80% of killers known to their victims

I came across a newspaper article titled '80 percent of killers know their victims':

Injury science is a relatively new science that studies the causes of injury (including fatal injuries). Injury is studied in terms of all the factors that contribute to an injury: the host, agent (vector or vehicle), and environment.

The host is the person at risk of being injured. While not technically correct for the sake of this post, the agent is defined as the vector or vehicle. The vector is the person who is injuring the host and the vehicle is the object that injures the host. The environment consists of the physical as well as the social, etc.

The World Health Organisation presents a relevant explanation of these factors in causing an injury. This is an extract from my book:
The WHO suggest that the epidemiological model can be used to analyse an act of interpersonal violence where a person slaps another person. In this case the host is the person slapped, the agent is the kinetic energy (slap), the vector is the person who does the slapping, and the environment includes the domestic situation and the societal norms or values that make such behaviour acceptable. These factors interact to cause an injury. Using a model of this type can help to identify all the factors involved in an injury from interpersonal violence.
In the martial arts, the host is the martial artist. Who is the vector? This is an important question because the strategies, tactics and techniques developed and taught by the martial art are determined by the definition of the vector.

For the most part, the vector is largely ignored which means by default it becomes someone trained in the same martial art. Judo teaches defences against judo attacks, karate teaches defences against karate attacks, wing chun teaches defences against wing chun attacks.
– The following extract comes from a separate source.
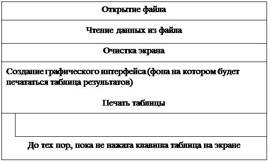 После этого следует процедура очистки экрана. Затем происходит создание фона, на котором будут выводиться данные из файла. Распечатка осуществляется без выхода из графического режима, благодаря чему таблица получается красочной и приятной для восприятия. В текстовом режиме создать такой эффект невозможно. Имя игрока и его результат разделяются точками. Имя игрока, имеющего лучший результат, выделяется другим цветом.

How self defence oriented is this approach?

Sun Tzu in The Art of War suggests that our odds of success in battle decrease as our knowledge of ourself or our enemy decreases. Most martial arts are very knowledgeable about themselves. Who is the enemy? This is an important question because the strategies, tactics and techniques developed, taught and trained reflects the knowledge of the enemy, explicitly or implicitly.

Who is our enemy? According to the above article, the enemy is an acquaintance or domestic (e.g. partner) and the method of violence is 39% knife attacks or 25% beaten. Does your martial art cater for that scenario? Does your self defence course cater for that scenario? Does your 'real fighting' training cater for that scenario?

My point is that if the focus is on self defence, it behoves us to get to know our enemy. To question the underlying assumptions of the activities that purports to teach us self defence.